AIM OF THE TASK = For the material below, output exactly the span from the line with "Для антенн (спутниковых" to the line with "Fremont Ramadan Timings", including both, and nothing besides.

DATA SUPPLIED =
# # # #
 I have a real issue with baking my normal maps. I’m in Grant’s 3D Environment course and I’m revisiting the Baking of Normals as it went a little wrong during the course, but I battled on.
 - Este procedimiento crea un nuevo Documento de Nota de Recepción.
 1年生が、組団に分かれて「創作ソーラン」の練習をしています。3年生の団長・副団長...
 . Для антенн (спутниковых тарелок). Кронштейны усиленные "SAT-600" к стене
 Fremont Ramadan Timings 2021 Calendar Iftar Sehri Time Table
# # # #
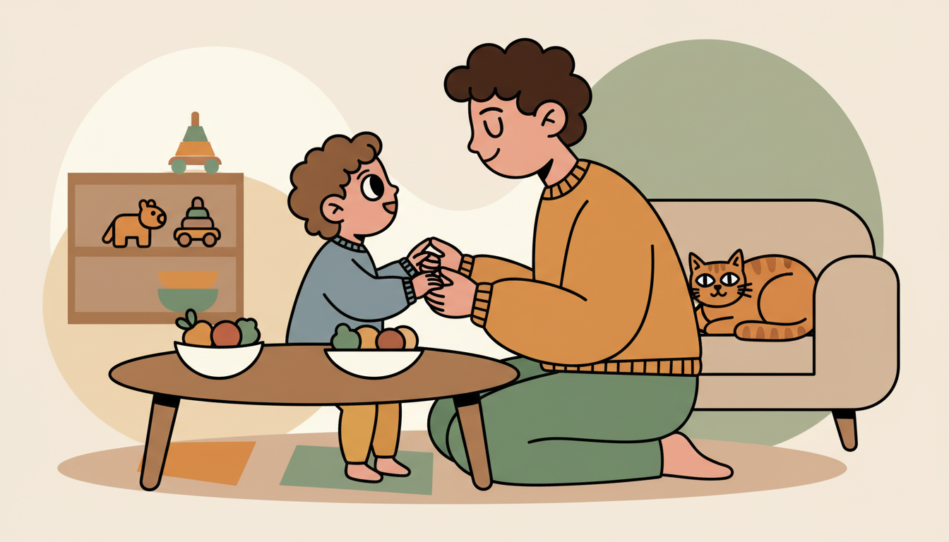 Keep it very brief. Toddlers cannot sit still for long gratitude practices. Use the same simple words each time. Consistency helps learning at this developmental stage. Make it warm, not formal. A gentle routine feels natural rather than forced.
# # # #
WRITTEN RESPONSE =
 . Для антенн (спутниковых тарелок). Кронштейны усиленные "SAT-600" к стене
 Fremont Ramadan Timings 2021 Calendar Iftar Sehri Time Table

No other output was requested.